**DATA PROVIDED**
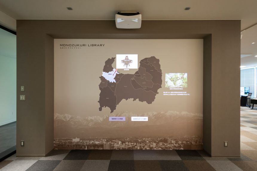 富山県ものづくり研究開発センター ものづくりライブラリー 壁⾯プロジェクションマッピング
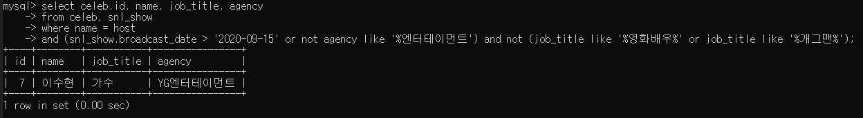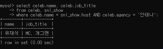 예제2: celeb 테이블의 연예인 중, snl_show 에 host로 출연했고, 소속사가 안테나인 사람의 이름과 직업을 검색
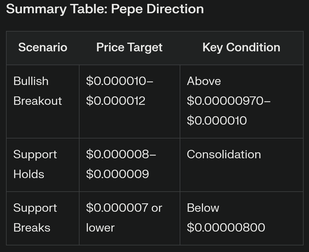 Цели: Если импульс продолжится, PEPE может протестировать уровень $0.00001000–$0.00001150, и некоторые аналитики прогнозируют краткосрочный скачок до $0.00001163 или выше.
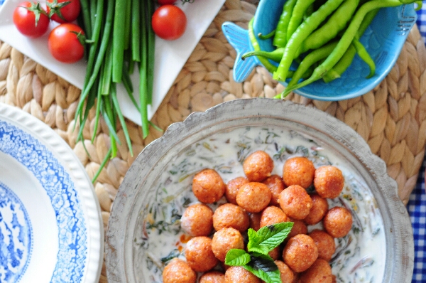 Havalar yavaş yavaş ısınmaya başladığına göre hafif yazlık tariflere geçmeye başlayabiliriz bence. Mesela soğuk zeytinyağlılar biraz daha sık yer almaya başlayabilir bugünlerde. Hem öğünlerimiz hafifler hem de enginar ve bakla gibi mevsim sebzelerinin tadını çıkarabiliriz böylece. Bir başka seçeneğimiz de bu nefis pazılı bulgur köftesi. Altı sarımsakla yoğurtla harmanlanmış pazı, üzerinde ise toz biberle sotelenmiş bulgur köftesi var.

**WHAT TO PRODUCE**
Skip every picture and retype only the lines from the line with "Цели: Если импульс" through the last line of the listing, both ends included, exactly as they appear.

**TASK RESPONSE**
 Цели: Если импульс продолжится, PEPE может протестировать уровень $0.00001000–$0.00001150, и некоторые аналитики прогнозируют краткосрочный скачок до $0.00001163 или выше.
 Havalar yavaş yavaş ısınmaya başladığına göre hafif yazlık tariflere geçmeye başlayabiliriz bence. Mesela soğuk zeytinyağlılar biraz daha sık yer almaya başlayabilir bugünlerde. Hem öğünlerimiz hafifler hem de enginar ve bakla gibi mevsim sebzelerinin tadını çıkarabiliriz böylece. Bir başka seçeneğimiz de bu nefis pazılı bulgur köftesi. Altı sarımsakla yoğurtla harmanlanmış pazı, üzerinde ise toz biberle sotelenmiş bulgur köftesi var.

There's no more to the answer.